Walking

Wednesday 7 May 2014

All truly great thoughts are conceived by walking ~ Friedrich Nietzsche

I love walking.  It's so good to get your squiggly monkey mind under control. I have a chronically fatigued body and a speedy mind that races, races, races, and so when I am out walking it feels so doubly good for me. It is an opportunity to get out of your own damn head, to use your distance vision to take in something that's not a computer screen – which, if you’re lucky like me, means many trees, with the autumn sun shining on the topsides of some of them but with most of your walk in shadow, while the hill ahead has the sun still shining full pelt on it.

Chiaroscuro walks are the best ones, especially in autumn.

I didn’t have any truly great Nietzschean-level thoughts today, however. Or if I did, they were of the sort that slithered out through one of the large mesh holes in my brain where the short-term memory is supposed to live.

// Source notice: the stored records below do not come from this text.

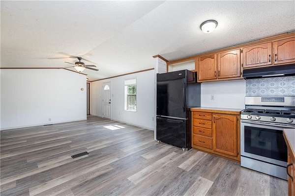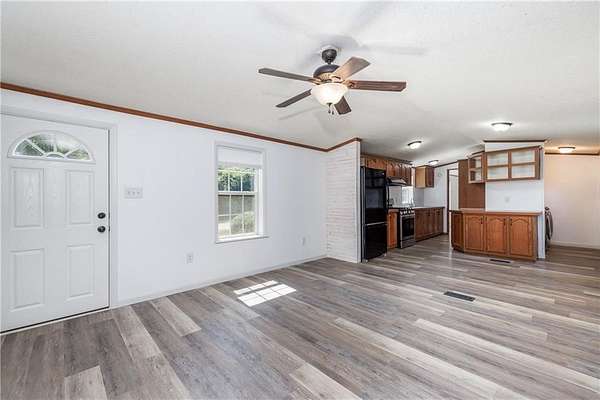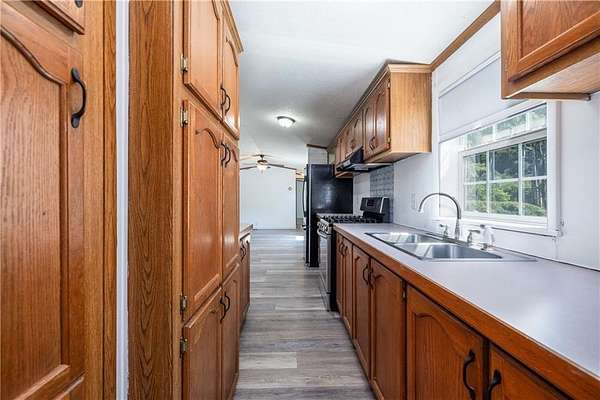 Private park-like setting on nearly 3 acres nestled in the beautiful Finger Lakes Region! Ideally located between Rochester and Corning, this property offers rolling hills, open green space, meandering Reynolds Creek (feeds off of Cohocton River) and a tranquil pond with a floating dock-perfect for nature lovers! Enjoy easy one-level living in this well-maintained manufactured home 1,276 sq ft (from Appraisal report-includes the family room) featuring an open layout with cathedral ceilings, oak kitchen with dining area and all appliances included. Step-down family room with wood stove and hardwood floors creates a cozy gathering space. Owner's suite includes a spacious ensuite bath with dual sinks. Updated second bath! Features include: updated vinyl plank flooring, skylights, cathedral & vaulted ceiling, 1st floor laundry with front load washer/dryer and outbuilding/garage/storage space add convenience and functionality. A peaceful retreat with endless charm and comfort! Septic inspected/pumped 9/2025. No sign on property at the moment.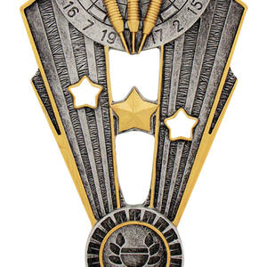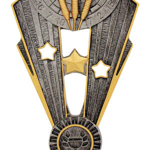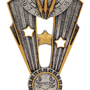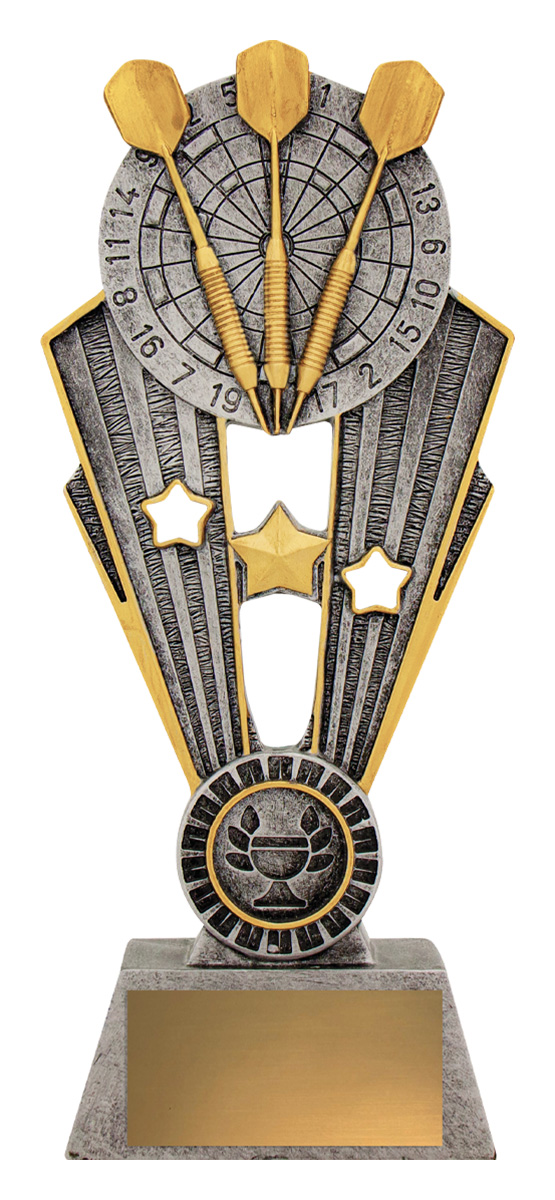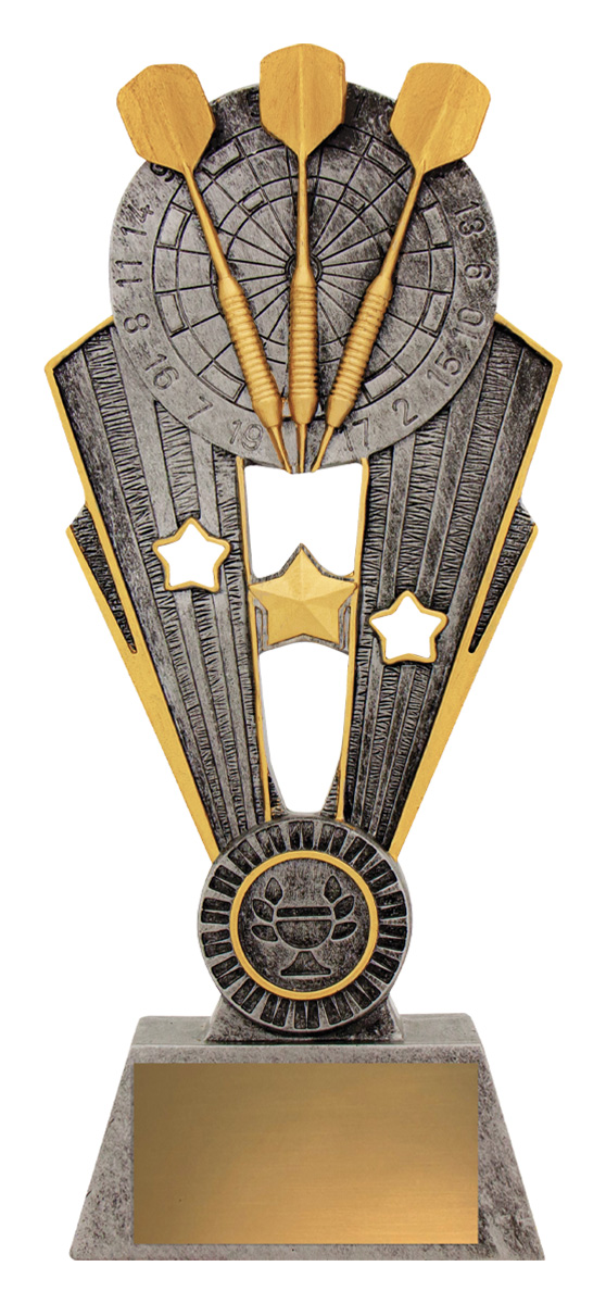 This contemporary darts trophy captures the excitement of competition with a detailed dartboard and three darts set against vibrant gold and silver tones. Crafted from quality resin, it features dynamic star motifs that bring a sense of achievement to any presentation, making it a distinguished choice for recognising excellence in darts.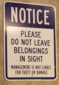 I find that most of the time “Management” never likes to be liable for things like theft or damage. If you need a reminder not to leave your new purchases, laptop or phone in plain view in your car, then maybe you shouldn’t live in a big city.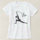 Estampa em preto e branco, com traços finos, rabiscos leves e estilizados, representando a pose Guerreiro (Virabhadrasana) de forma minimalista e elegante.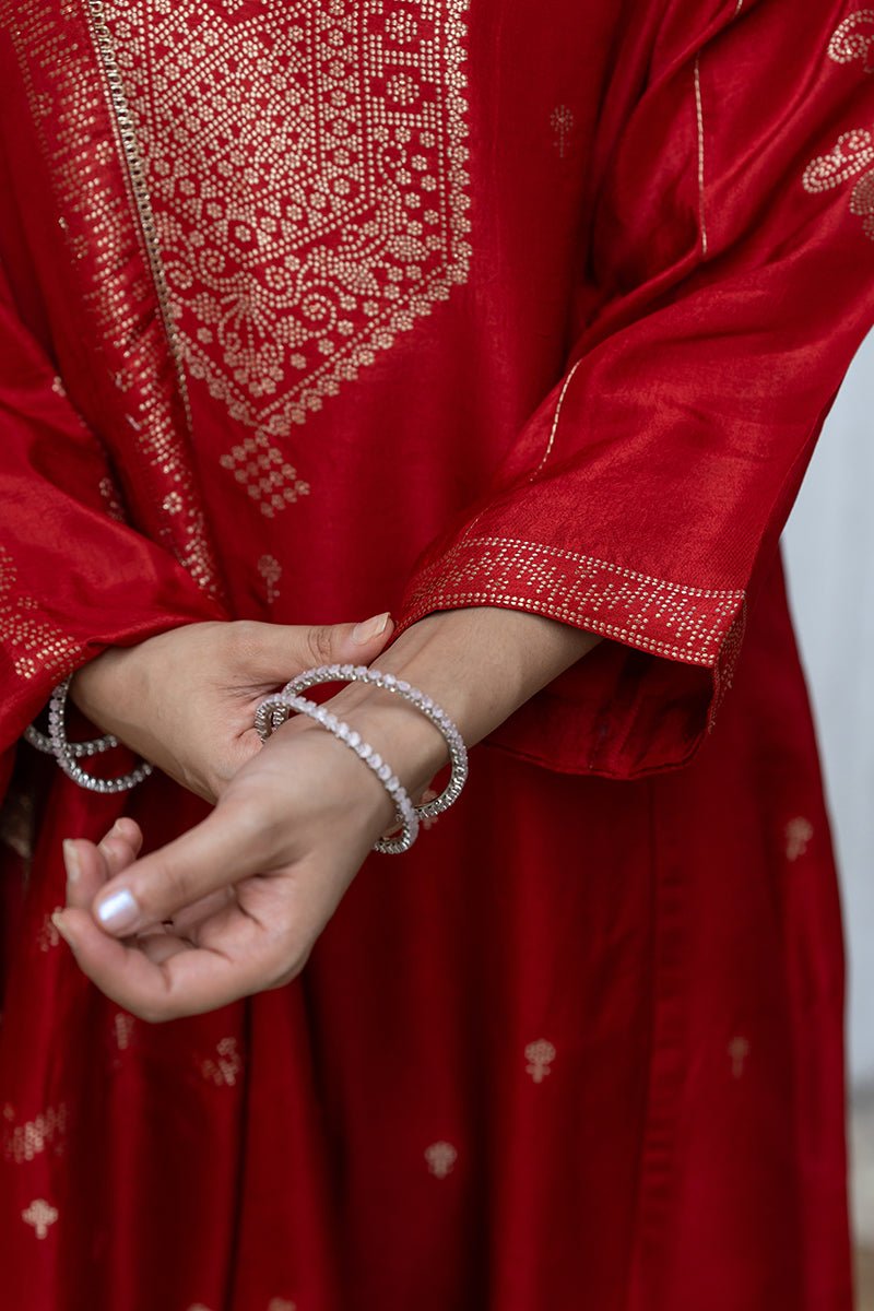 Salsa Red Woven Salwar Suit With Zari Woven Raw Silk Dupatta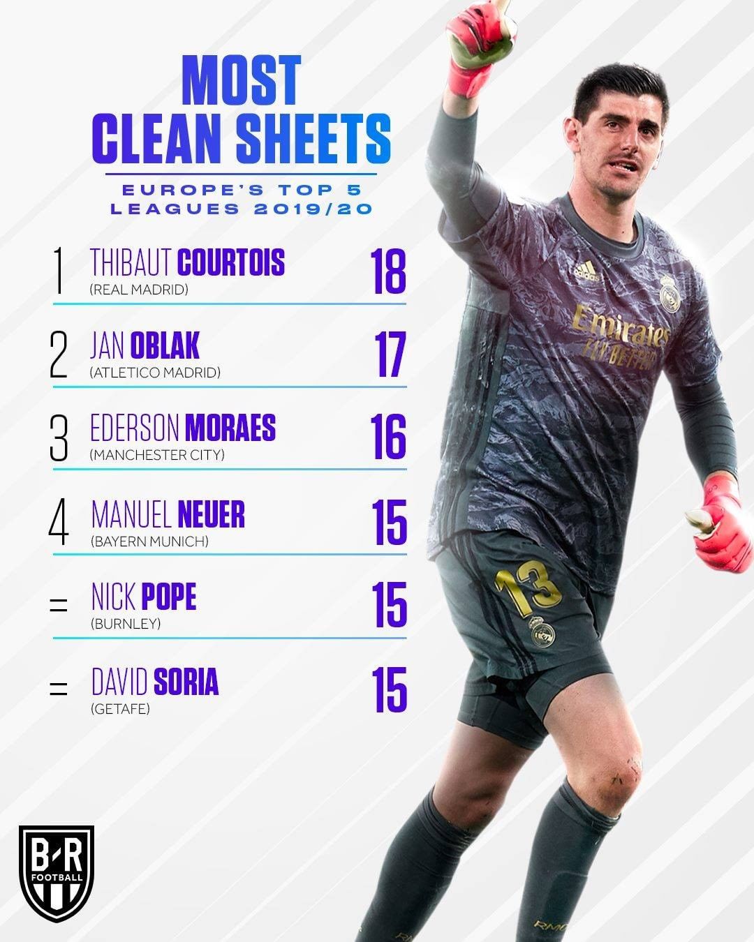 在门将的榜单上,皇马的夺冠功臣库尔图瓦的数据最为亮眼,他本赛季完成了18次零封,奥布拉克为17次。排在后面的还有埃德森的16次,诺伊尔、尼克-波普和索里亚的15次。

I thought about economics and how it has us tied up in knots when we don’t need to be.

I pondered the trajectory of the word “queer” over the last 80 years. I read it in Enid Blyton books as a descriptor – “How queer!” said Joe as Fanny span past him on a giant squid.” That sort of thing.  And now it's meandered its way into a description of someone who is gay.  I wonder how it got there? 

I love the history of individual words. Some of them change their meaning over the centuries, just a drip at a time like water on a rock, until they can even end up meaning the exact opposite of what they once did.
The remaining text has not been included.